Et là ma volonté et mon appétit vacillent…

Dans ce parc d’une surface proche des 3000 m², à moins de 2 m de l’unique lieu où l’on peut déjeuner assis « confortablement » et poser sa gamelle à l’horizontale, une personne âgée passe tirée par son chien plus que le tenant en laisse, un gros toutou qui s’appelle sûrement « il est pas méchant vous savez ». Si elle ne faisait que passer encore, même en frôlant la table ! Non, elle s’arrête sous l’ordre impératif du clébard de 50 kg qui dépose alors sous mon nez et mes yeux, tout sereinement, un étron de masse proportionnelle à sa propre taille, sans que le maître ne s’en offusque le moins du monde, ou fasse mine de le tirer un peu plus loin. Non ! Il me sourit même, d’une façon que je ne saurais interpréter.
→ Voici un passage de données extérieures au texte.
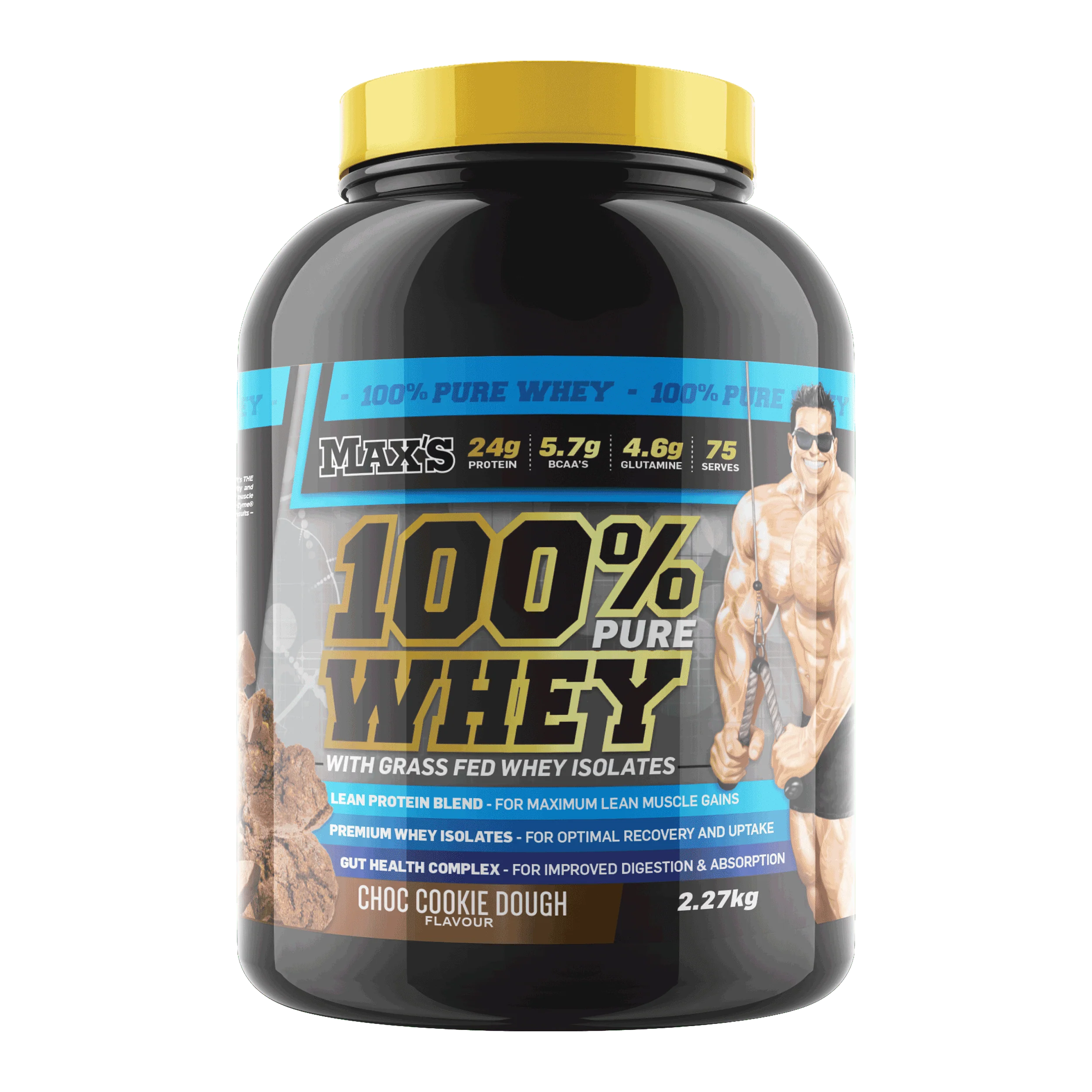 MAX'S 100% Whey Protein is our Premium Grass Fed Whey Protein Blend designed for serious trainers. It's high in Whey Protein Isolate, nature's most bio-available protein and health supporting, muscle building Whey Protein Concentrate. If you want lean muscle then MAX'S 100% Whey is the right choice!
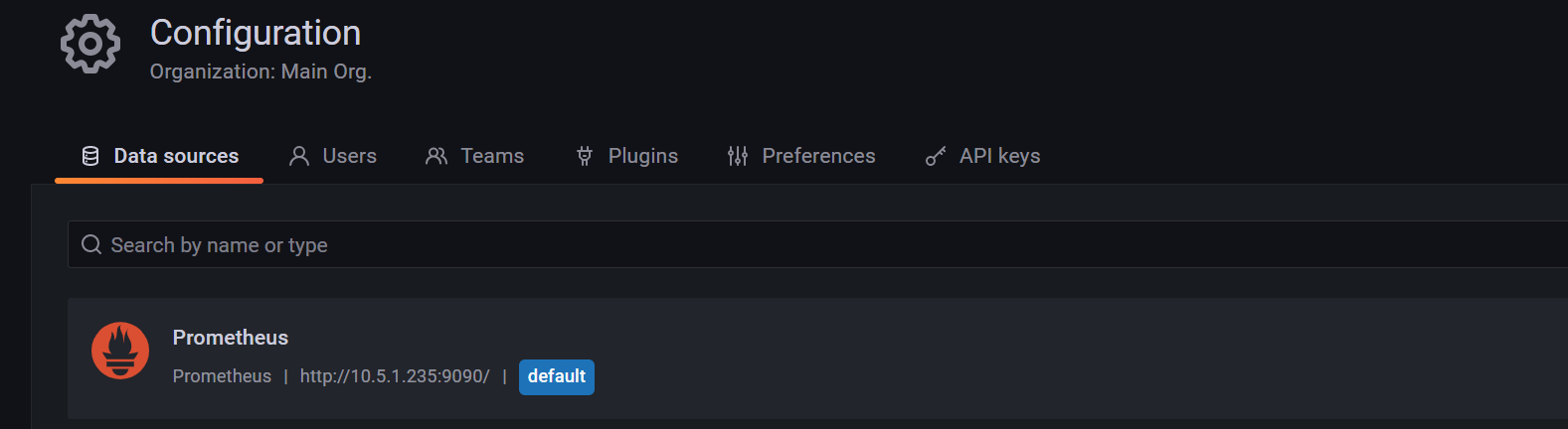 点击Setting——Add data source----选择Prometheus,输入IP和端口,我这边就是10.5.1.235:9090
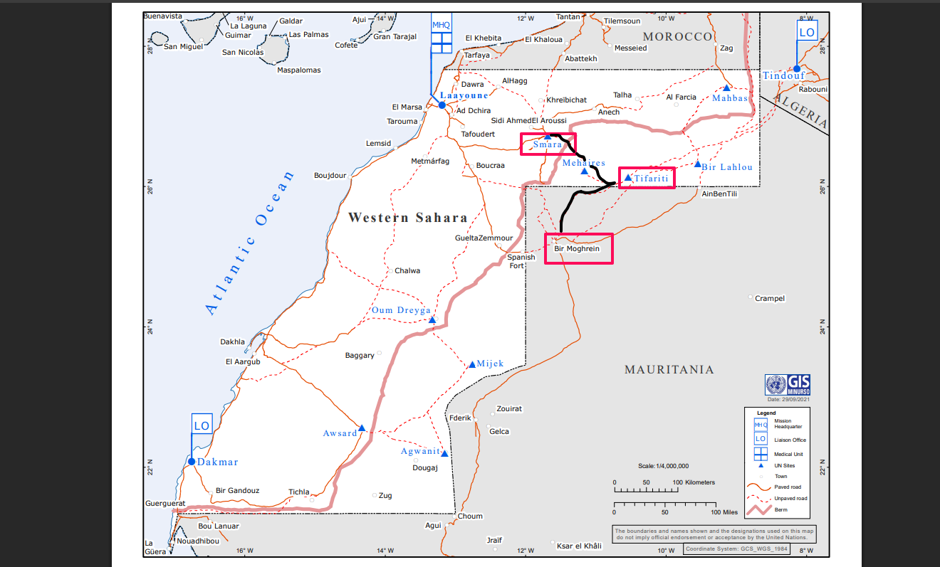 Dans cette lettre, Ghali souligne que « la MINURSO a observé que le Maroc avait achevé la construction d’une route d’environ 93 km reliant Smara à la Mauritanie à travers le mur de sable, non encore inaugurée officiellement, et qui offrira un second passage du territoire vers la Mauritanie, en plus de celui de Guerguerat ».
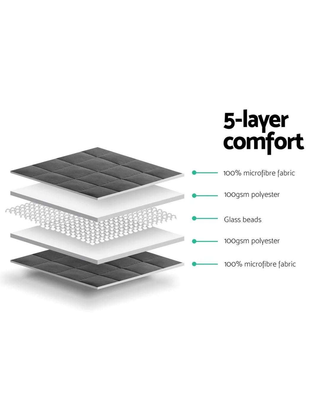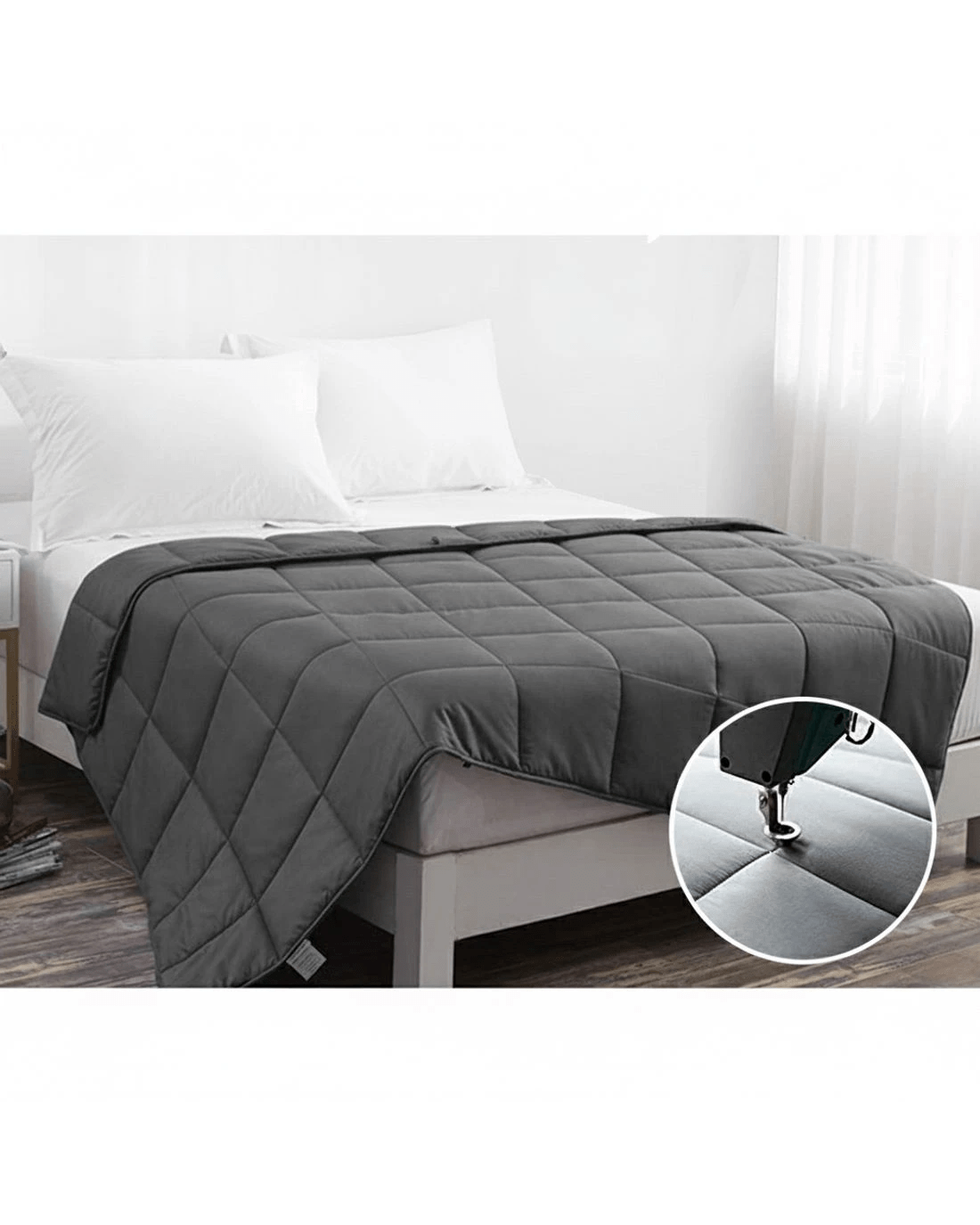 The science behind better sleep lies with a Giselle Bedding Weighted Blanket. It uses the therapeutic power of Deep Touch Pressure Simulation (DTPS) to stimulate pressure points throughout the body, thereby contributing to enhanced sleep, mood and relaxation. Our weighted blanket is engineered to be between 8% and 15% of your body weight to relax the nervous system by simulating the feeling of being hugged or held. This boosts serotonin and melatonin levels and decreases cortisol levels improving your heart rate and blood pressure. In short, you get healthier sleep and awake feeling refershed and re-invigorated. Made of 100% microfibre for both sides, the weighted blanket is filled with polyester and glass beads to create the right amount of pressure for a soothing hugging sensation. The weighted blanket is also close-fitting and conforms to your body shape and adapts to any sleeping posture easily. Not least, its excellent leak-proof stitching and 5-layer comfort ensures that the weighted blanket is ever so durable and comfortable with every use. The weighted blanket is machine washable for total convenience.
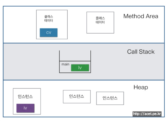 클래스 영역에 선언된 변수를 멤버변수라 한다. 멤버변수 중에 static이 붙은 것은 클래스변수, 붙지 않은 것은 인스턴스 변수라 한다. 멤버변수는 인스턴스 변수와 static변수 모두 통칭하는 말이다.

Je souris en retour, par politesse, en essayant de calmer mon odorat agressé et mon envie de râler, en espérant que le quidam a repéré la doggybagàmerdebox de proximité en passant devant il y a quelques minutes…

Non encore ! Il continue son chemin sitôt que le chien a fini son affaire, lui flattant le dessus de la tête – oh le bon toutou que voilà – et laissant le parfum des fleurs s’estomper, disparaître derrière eux…

Je baisse alors les bras et je remballe mon déjeuner, mon livre et au pas de charge je retourne au travail le ventre et l’esprit insatisfaits ; trop, c’est trop !

Mais aussi, a-t-on idée de vouloir trouver un petit coin pépère dans un lieu public, hein ?

(Toute ressemblance avec une ville, un jardin public, une table de pique-nique éventuellement connus des lecteurs n’est pas du tout fortuite).